Status of the CDF Data Access Project

January 6 1999

 

The design of the CDF Data Acess system was reviewed by an internal CDF Godparent committee in October 1998. The review committee recommended that the collaboration adopt the overall design for the data handling system that is documented in Ref. 1

Since then we have been working on a prototype to demonstrate the feasibility of the resource management scheme outlined in ref. 1. The prototype design and results is documented in ref. 2. A brief status follows:

The prototype environment consiststed of a single cpu workstation, a 9 GB disk, 2 cpu queues (short and long), each of which had 4 execution slots, and 2 IO queues. For most of the tests, tape access was simulated via disk to disk copies. These copies used eight simulated datasets, 4 small (1 GB) and 4 large (10 GB). Information on these datasets was stored in the CDF catalog. In addition, the system was tested using tape resident datasets, where the data was stored in the Emass tape robot.

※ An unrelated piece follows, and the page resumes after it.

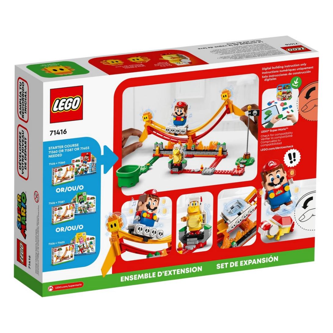 Deti si môžu vytvoriť žeravý level vo svete LEGO® Super Mario™ vďaka rozširujúcemu setu Jazda na vlne lávy (71416). Obsahuje hojdajúcu sa vlnu lávy s plošinou pre LEGO® Maria, LEGO® Luigiho alebo LEGO® Peach (figúrky nie sú súčasťou balenia). Za zotrvanie a jazde na vlne, ako aj za porazenie 2 Lava Bubbles na vrcholkoch vlny, získajú hráči digitálne mince. Set je ideálnou voľbou pre skupinové hry a obsahuje aj nepriateľského Ohnivého Broa.

The test procedure consisted of simulating many analysis scenarios. Mixes of up to a dozen jobs to analyze the long and short datasets were submitted. Each analysis job used a randomly chosen amount of cpu time, when appropriate. The tests included several ``freight train'' scenarios, where several users requested the same dataset. In these cases, the overall number of tape mounts was significantly less than would occur if the jobs were run separately in sequence. As might be expected, the testing has discovered a number of bugs (mostly fixed) in the software. There were no fundamental problems with the design.

The prototype work has been sucessful and we now need to proceed with the design for the full system.

[1] CDF Run II Data handling Resource Management and Software Components

[2] The DH Resource Management Prototype (CDF Run II Data Handling)